Give again, unaltered, the line with "Banconota 1000 Lire" and all lines that follow it in the listing below, minus any pictures.

- DATASET EXCERPT -
= = = = =

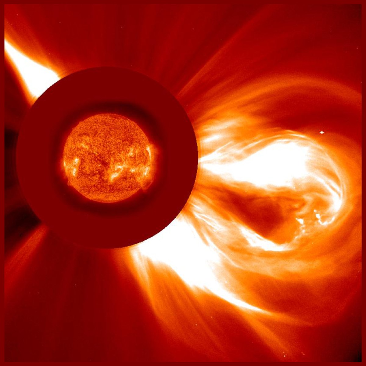 SOHO_special4 Published 2013/10/17 at 1489 × 1488 in Home ← Previous Next → A strong solar storm propagates into space. Image by the satellite SOHO. Share this: Print (Opens in new window) Print Email a link to a friend (Opens in new window) Email Share on X (Opens in new window) X Share on Facebook (Opens in new window) Facebook Share on Tumblr (Opens in new window) Tumblr Share on Pinterest (Opens in new window) Pinterest
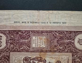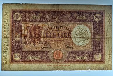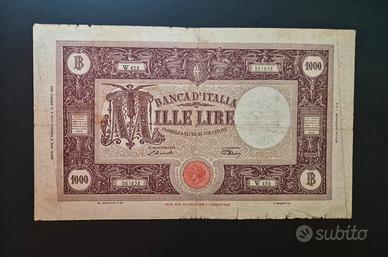 Banconota 1000 Lire Grande M (B.I) Lungotenenza 08-01-1946 Firme: EINAUDI-URBINI Banconote molto circolata con sporco diffuso, pezzetti di carta mancante e vari imperfezioni. Dettagli e difetti in foto
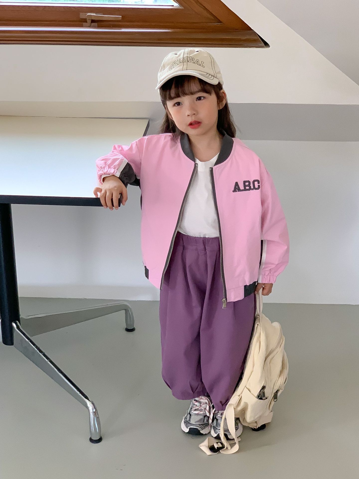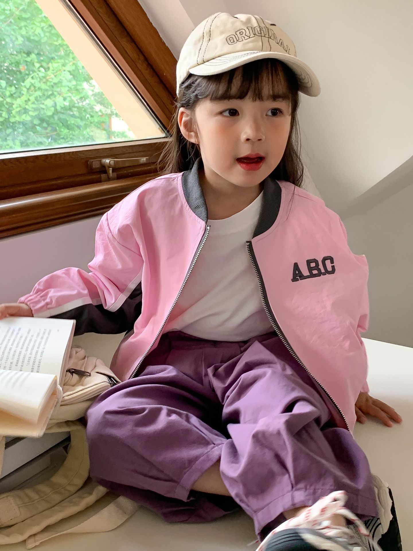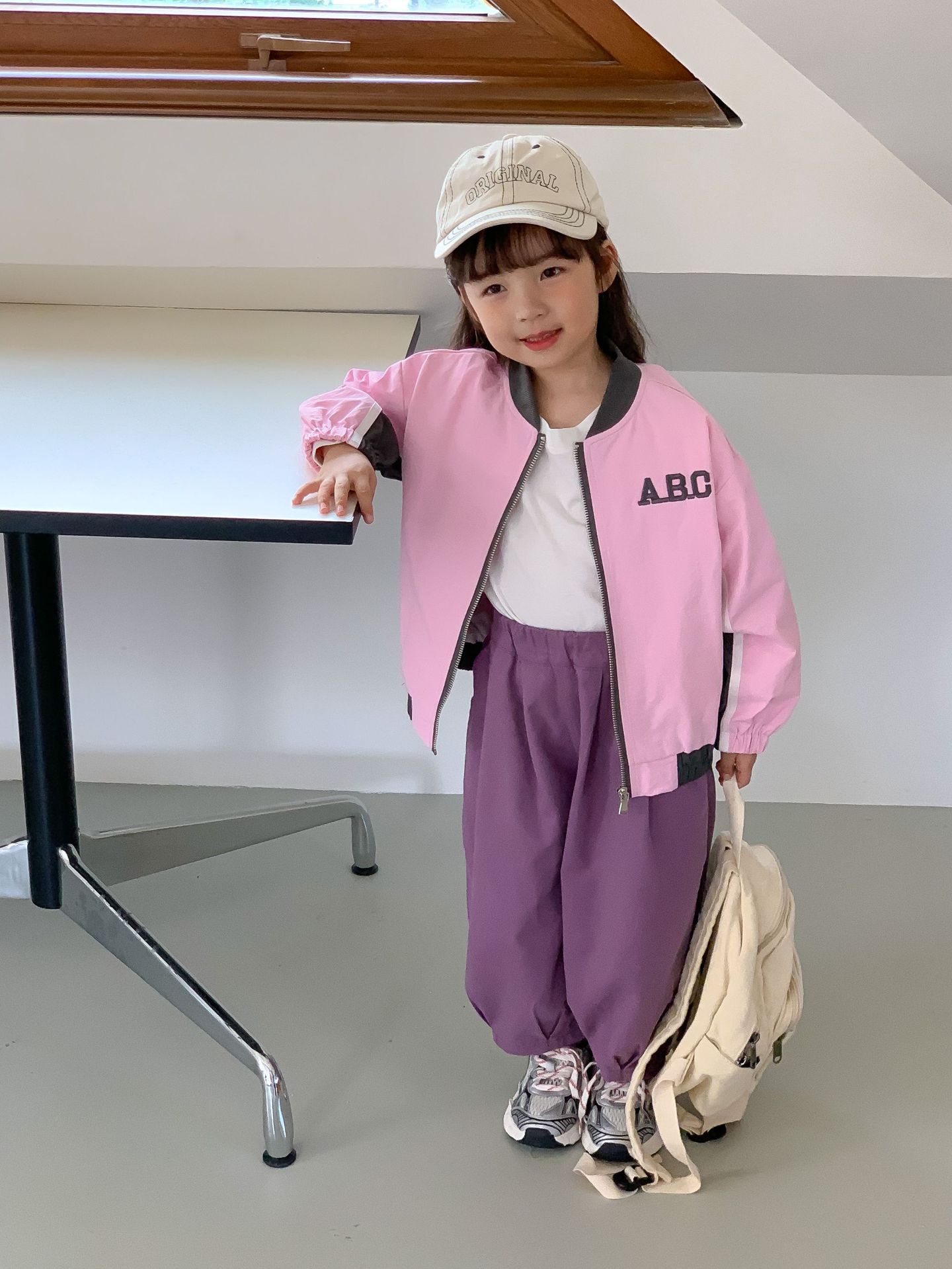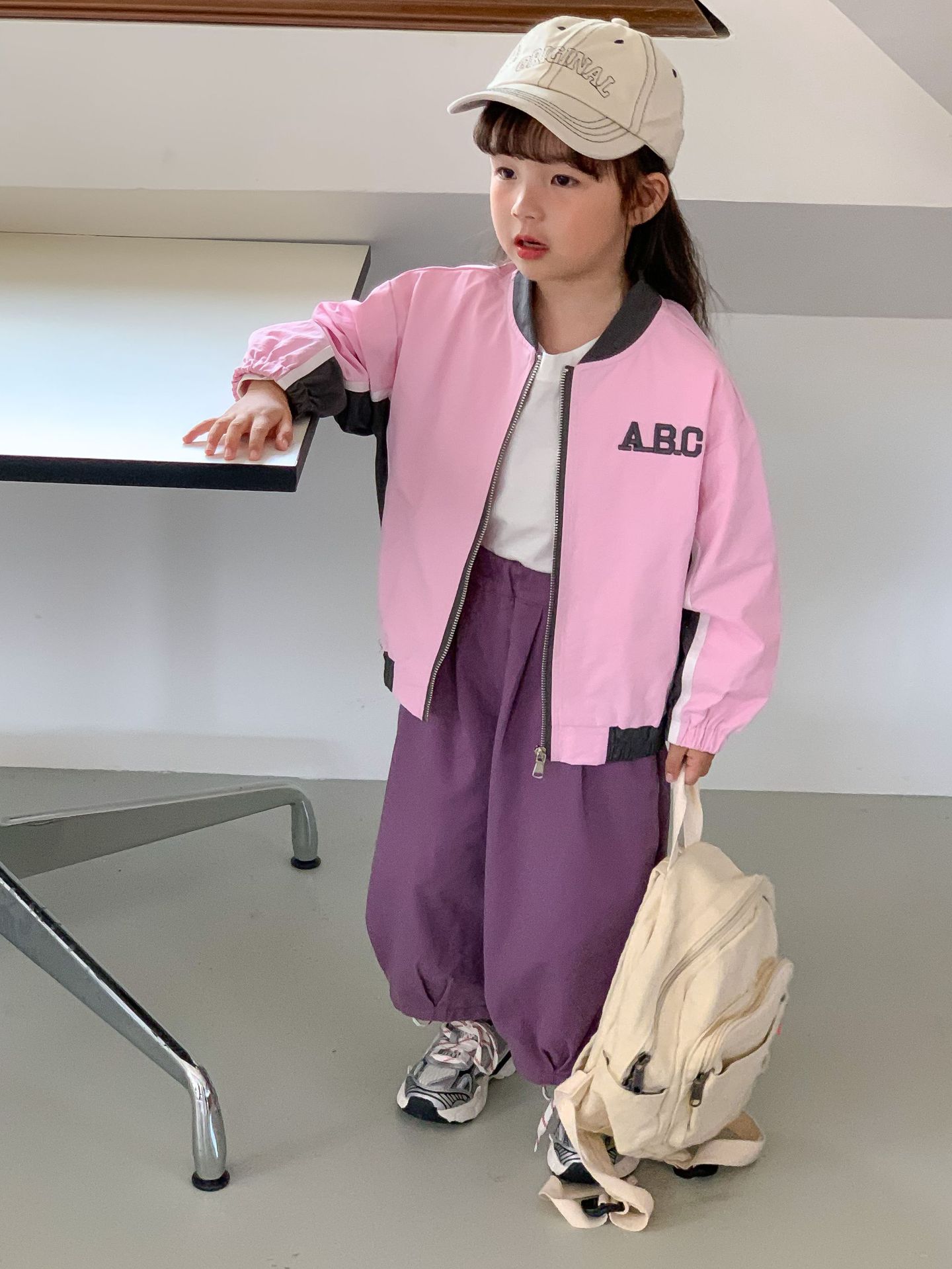 밀 필드 시즌 23 봄과 가을 새로운 한국 아동복 여아 편지 자켓 컬러 매칭 지퍼 자켓 어린이 야구 세트

= = = = =

- ANSWER -
 Banconota 1000 Lire Grande M (B.I) Lungotenenza 08-01-1946 Firme: EINAUDI-URBINI Banconote molto circolata con sporco diffuso, pezzetti di carta mancante e vari imperfezioni. Dettagli e difetti in foto
 밀 필드 시즌 23 봄과 가을 새로운 한국 아동복 여아 편지 자켓 컬러 매칭 지퍼 자켓 어린이 야구 세트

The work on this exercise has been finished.